Machine Learning in Predicting Longitudinal Platelet Counts: Applications in Dose Optimization

Introduction: INCB057643 is a small molecule bromodomain and extra-terminal (BET) inhibitor under clinical investigation for treatment of solid tumors and hematological malignancies. Accurate prediction of platelet counts during BET treatment is important to determine patient dosages. While conventional exposure-response models are used to predict platelet counts during patient treatment and inform dosing regimens (Blanchet B. Br J Cancer. 2024; Liu C. Clin Pharmacol Ther. 2017; van der Bij S. Cancer Causes Control. 2013) inherent modeling assumptions may exist. The advent of machine learning (ML) provides a novel opportunity to inform the potential unknown covariate search and selections and fill in some current gaps in platelet count modeling (Dou Y. Comput Biol Med. 2024; Feng D. J Biomol Struct Dyn. 2024; Pozdnyakova O. J Clin Pathol. 2023). ML is solely driven by data and offers the benefit of analyzing nonlinear exposure-response relationships, while also considering unknown factors that could impact physiological responses to drugs. Previously, XGBoost was selected as one of the final ML models used to describe grade ≥2 thrombocytopenia in patients treated with INCB057643 (Raheem E. PAGE 2024). The objectives of this work are to use XGBoost to 1) predict grade ≥2 thrombocytopenia following administration of INCB057643 at 4-12 mg once daily (qd) in patients with advanced solid tumors or hematological malignancies, and 2) predict the probability of grade ≥2 thrombocytopenia associated with various INCB057643 dosing regimens and treatment frequencies, including different intermittent dosing intervals.

Methods: Maximum exposures at steady state (C_max,_ss) of INCB057643 and its metabolite were simulated using a previously developed population pharmacokinetic (PPK) model for 3 dosing regimens; 7-day continuous qd (7/0) dosing, or intermittent qd dosing with either 5-days-on-2-days-off (5/2) or 4-days-on-3-days-off (4/3). Grade ≥2 thrombocytopenia was defined as platelet counts <75×10⁹/L. Clinical data were collated for 118 patients with solid tumors or hematological malignancies receiving INCB057643 monotherapy at 4, 8, 10, and 12 mg qd during the phase 1 INCB057643-101 study (NCT02711137). Firstly, the XGBoost model was applied to data from the 7/0 dosing regimen from INCB057643-101 to predict occurrences of time-varying grade ≥2 thrombocytopenia for each patient. Time points were rounded to the nearest hour. The last observation carried forward method was employed to address missing platelet values. Secondly, occurrences of grade ≥2 thrombocytopenia predicted by the XGBoost model were compared with, and validated against, clinically observed outcome data (NCT04279847; Watts J. ASH 2023). Thirdly, the XGBoost model was then used to predict grade ≥2 thrombocytopenia events in patients administered INCB057643 with 5/2 and 4/3 intermittent dosages using landmark analysis.

Results: The XGBoost model adequately predicted time-varying grade ≥2 thrombocytopenia occurrences in the 7/0 dosing regimen dataset, as indicated by the area under the curve values of the receiver operating characteristic curve, sensitivity, specificity, and accuracy scores.

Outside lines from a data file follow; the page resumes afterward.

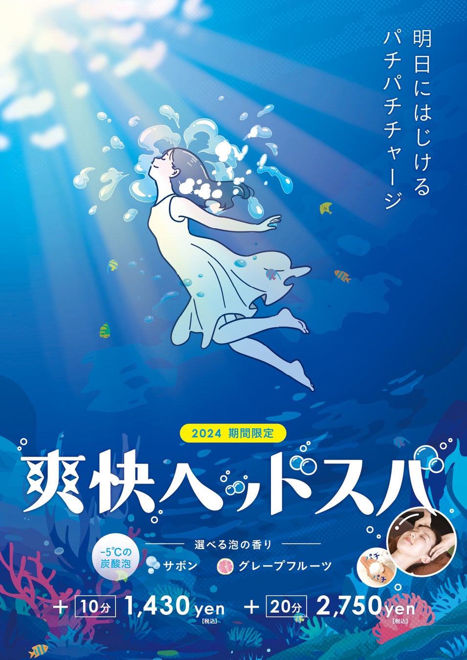 今年は、優しいサボンの香りとさわやかなグレープフルーツの香りの2種類をご用意しております。パチパチと弾ける炭酸泡の『音』『感覚』『香り』で、夏の暑さによって疲れた身体と心をスッキリと癒します。
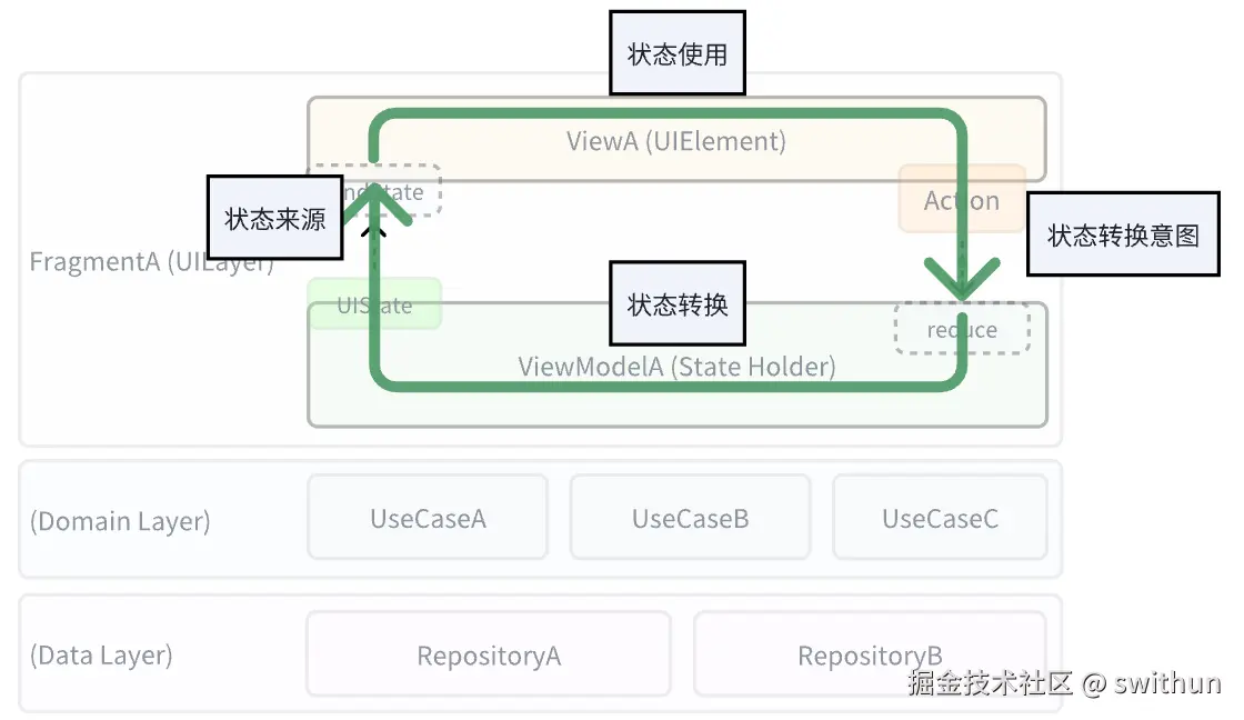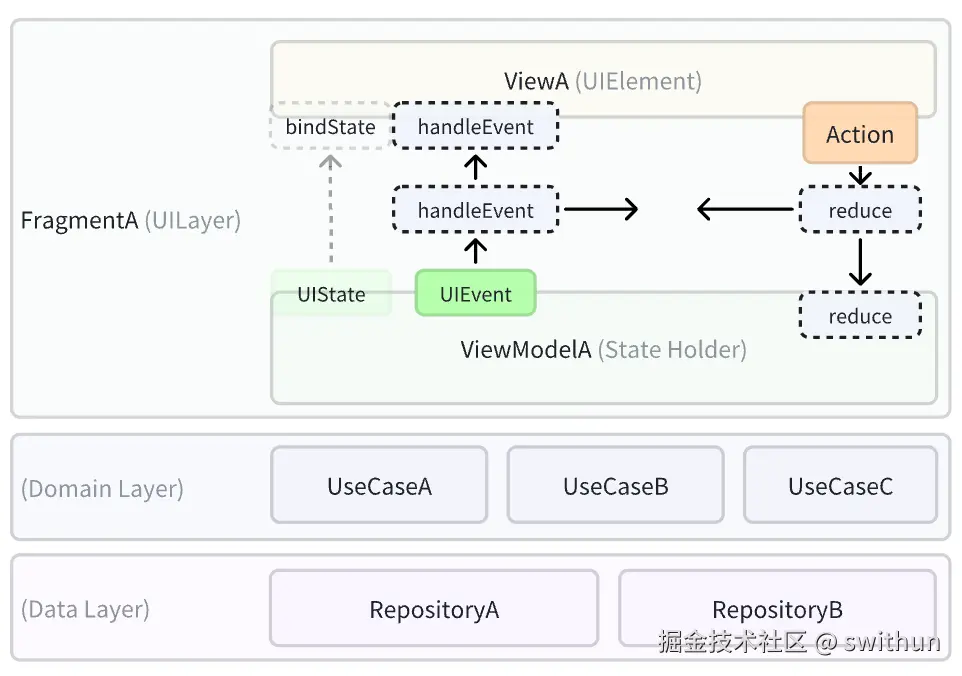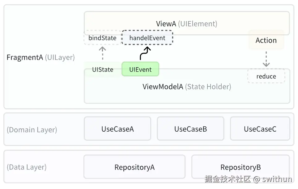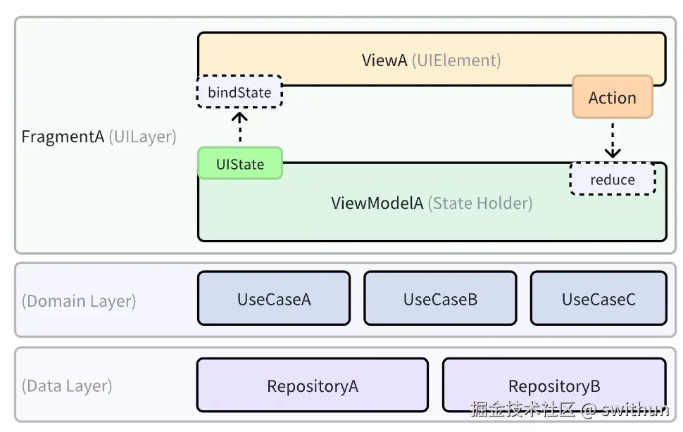 ViewModel的定位比在MVVM中更偏向于View层,所以将View层和ViewModel层统一作为UI layer,ViewModel中原本更偏向于数据层的逻辑处理被放在新增的Domain Layer。
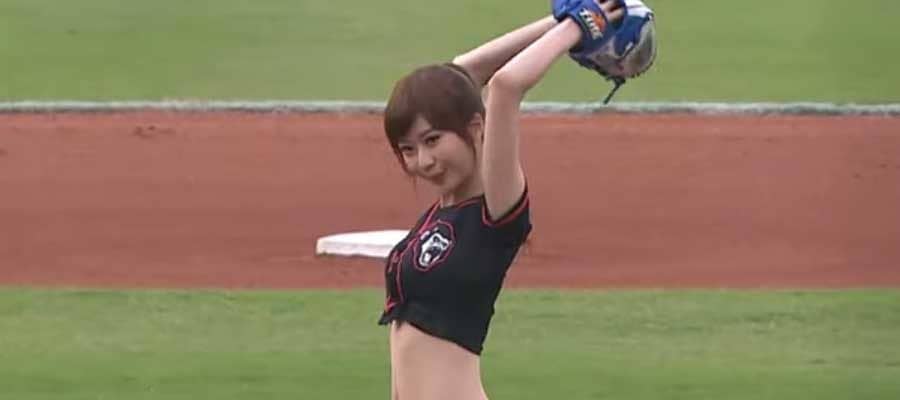 スカートひらり… 女優・大政絢さんが豪快投球でファン魅了「可愛すぎて」

These scores were 0.897, 0.809, 0.984, and 0.960, respectively, when compared with clinically observed data. Consistently, classification error rate was 0.042 when predicted values were compared with clinically observed data (Watts J. ASH 2023). Landmark analyses indicate the predicted grade ≥2 thrombocytopenia occurrence following initiation of INCB057643 treatment is similar across the different dosing regimens at 1 week (~23%). However, predicted prevalence at 2 weeks is 37%, 33%, and 30% for the 7/0, 5/2, and 4/3 dosage regimens, respectively. Further landmark exposure-safety analyses suggest a similar trend of higher grade ≥2 thrombocytopenia events with increased dosing and duration of treatment, as seen at 1-month (47% vs 39% vs 34%), 3-month (49% vs 40% vs 35%), and 6-month (49% vs 40% vs 34%) time points.

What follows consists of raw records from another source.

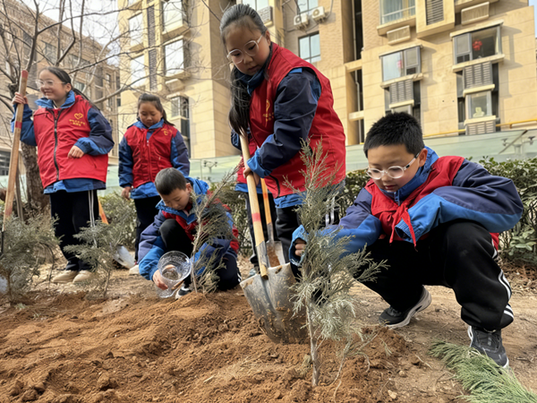 南寒街道西华苑东社区联合太原市实验小学西华苑分校开展“春风添新绿 护苗正当时”主题实践活动,以党建引领校社联动,将植绿护绿与“五彩护苗”行动、未成年人保护工作有机结合。
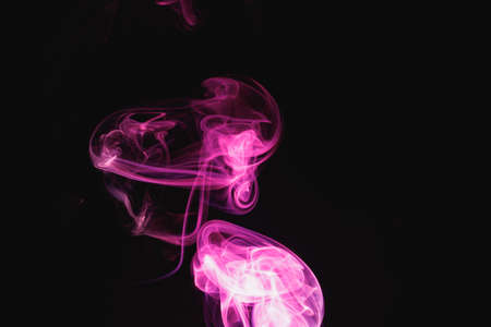 Purple smoke on a black background. Colored smoke. Incense stick smoke illuminated by purple light.
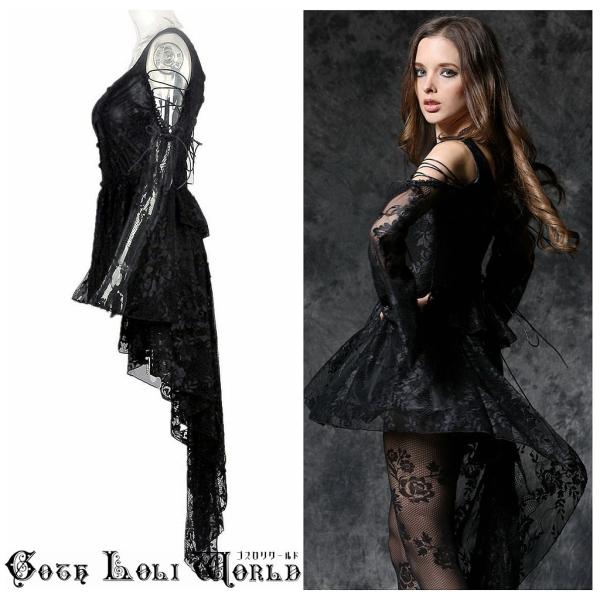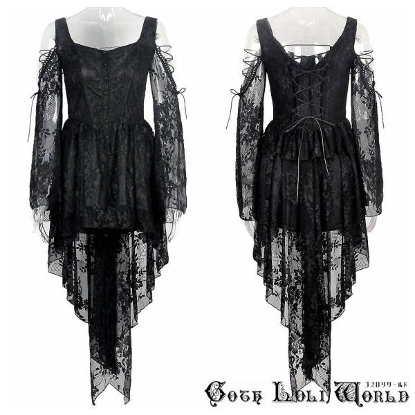 ゴスロリワールド DW053BK ゴスロリ ファッション 肩開きテールカット ワンピース ドレス ブラック 黒色 レディース ゴシック ロリィタ ロリータ 地雷系

Conclusions: An ML framework was established to predict the exposure-safety (grade ≥2 thrombocytopenia) relationship for INCB057643 and was validated with clinically observed data. Our ML framework predicts that safety events vary with INCB057643 dosage and dosing regimens. This information can be used to inform dose optimization for patients.